Cheshire cat grin... ok, so a little harsh but you get my drift

We meet after work the next day at London Bridge station. It’s cold and when I arrive (on time) he looks frozen. And short. Shorter than me in my 3in heels, and shorter than I remember from the stats on his profile. He looks different. But, then, he’s not grinning.

‘Hey,’ I say.

‘Hi. I got here early,’ he says, looking up at me, as if I’m somehow to blame. That’s when he does it for the first time. He sniggers. A nervous, ‘I don’t know what else to do but snigger’ kind of snigger.

I’m nervous too, which means I talk non-stop. It’s like verbal diahorrea. I can feel I’m doing it but I can’t stop. I’m beginning to think this date was a bad idea.

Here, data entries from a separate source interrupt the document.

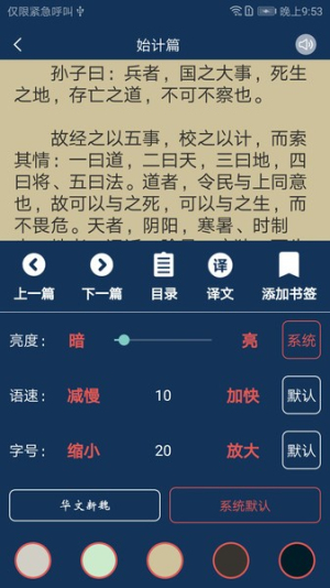2、选择经史子集任一分类进入阅读界面,可调整字体大小与背景色调保护视力。
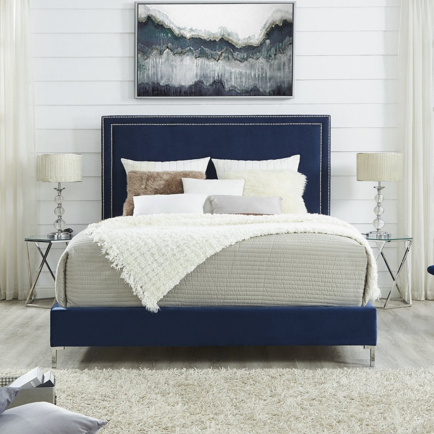 Glamour clásico:El cabecero y el marco de la cama con bordes rectos infunden elegancia y, al mismo tiempo, brindan un suave flujo de opulencia. Esta maravillosa pieza agrega un encanto majestuoso a cualquier dormitorio.
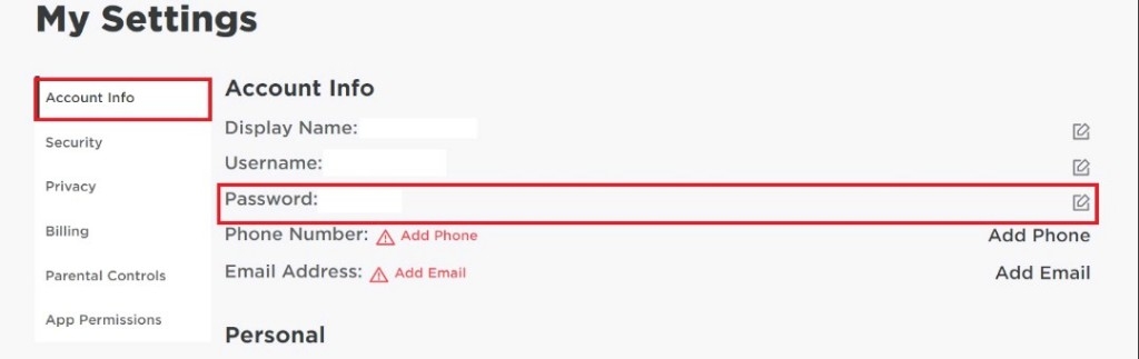 - Αλλάξτε τον κωδικό πρόσβασης Roblox
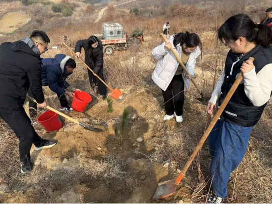 3月12日,会计与金融学院党总支副书记褚亮辉、副院长郑秀丽、刘莹,带领教师党员代表、全体辅导员、退役大学生士兵及学生代表,共赴牟平区龙泉镇马家都村,开展“财金携春添翠,绘就美丽乡村”义务植树活动。活动现场,师生们分工协作,挥锹培土、扶苗浇水,为山野增添盎然绿意。学院领导率先垂范,亲手示范植树技巧,向同学们讲解树苗养护知识,叮嘱大家既要深耕专业领域,更要践行生态责任,将责任与担当融入每一次躬身实践,以实干之力助力美丽乡村建设。

We decide to walk along the Southbank to find somewhere to have a drink. As we walk he sniggers and I chatter. It’s not the best combination. We find a pub away from the river and he buys me a drink. I stay off the alcohol, worried that my rambling will change up a gear.

First date no-no

We sit at a table near the bar. Before long the conversation turns to past relationships. A big first date no-no according to all the rules. But my date either doesn’t know the rules or he doesn’t care. Instead he stamps around the no man’s land like he’s gunning for the enemy. ‘She was selfish… she was always out with her mates… she was untidy… she… she… she…’

I tune out.

I’m feeling hungry now so when he eventually pauses – to snigger – I suggest we go somewhere we can eat. While we walk I explain that I’m not ready for a relationship just now and am happy being single and dating.

He agrees and then says. ‘But it would be great if this were a slow burner.’ In a kind of I’m going to send you mixed messages kind of way…

Tom and Nicole we ain’t!

We end up in Wagamama’s. While we’re standing in the queue he stares at me and smiles. I ask him what’s wrong. ‘Nothing,’ he says, ‘I’m just looking at the height thing.’

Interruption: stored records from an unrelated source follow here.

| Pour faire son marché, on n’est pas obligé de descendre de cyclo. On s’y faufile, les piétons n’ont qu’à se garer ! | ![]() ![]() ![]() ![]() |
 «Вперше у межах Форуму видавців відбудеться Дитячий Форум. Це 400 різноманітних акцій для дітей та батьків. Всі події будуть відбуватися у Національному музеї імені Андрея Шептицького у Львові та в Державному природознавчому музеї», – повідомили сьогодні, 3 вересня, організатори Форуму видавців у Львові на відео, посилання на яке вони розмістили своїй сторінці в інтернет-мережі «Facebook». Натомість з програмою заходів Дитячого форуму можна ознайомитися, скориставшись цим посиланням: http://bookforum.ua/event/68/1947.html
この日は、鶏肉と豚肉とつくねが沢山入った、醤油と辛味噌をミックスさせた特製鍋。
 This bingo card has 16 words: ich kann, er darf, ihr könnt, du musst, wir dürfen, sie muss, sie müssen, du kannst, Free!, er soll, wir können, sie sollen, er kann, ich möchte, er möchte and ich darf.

Lord knows why, I think. We’re hardly Tom Cruise and Nicole Kidman in happier days so there is no ‘height thing’.

Now Wagamama’s is great, don’t get me wrong. But as a first date location it kinda sucks. Let’s face it. The food is banging, but you’re generally wedged between two sets of strangers (unless you’re lucky enough to be stuck on the end of a table) and it’s blatantly obvious to the couples either side of us that this is a first date, especially when one guy leans across and blatantly winks at Mr J.

Then I forget (or maybe it’s a subconscious decision) where I am and what I’m doing and order noodles. Bloody noodles. The messiest, most embarrassing thing a woman can eat on a first date. You try getting a forkful into your mouth without spraying sauce everywhere.

As I slurp my noodles he starts to slag off his past dates. ‘She was fat, she was depressed, she was too full on… she… she… she…

I get a strange feeling of déjà vu.

He really isn’t selling himself that well. But then – when I imagine myself sitting where he is watching me tackle the tangled mess on my plate – neither am I.

So, it’s a surprise when he suddenly says, ‘Well, just the first kiss to tackle now.’

I almost choke. But after a split second vision of him performing the Heimlich manoeuvre on me the rogue noodle slips happily down my throat.

‘First kiss?’ I say.

He sniggers. I ask for the bill.

When I offer to pay half he doesn’t argue with me.

Strangely enough on the way back to the station he’s full of the joys of a successful first date. At the top of the escalator he leans in for a kiss. I shake his hand instead.

‘It was great meeting you,’ I say. But quite honestly, I’m lying.

A to Z lesson

No. No. No. Guys, come on. Don’t run down the sisters in the presence of one. If you’re still feeling bitter, lay off the dating for a while. After all, the one simple thing your date’s gonna think is ‘what the hell is he going to say about me?’ And find a damn tape measure will you. At least get the height thing vaguely accurate. Short man syndrome is all in the mind. Well, ok, maybe not… But don’t start what could end up being a beautiful relationship with a lie. And ladies never, NEVER, N-E-V-E-R order noodles on a first date!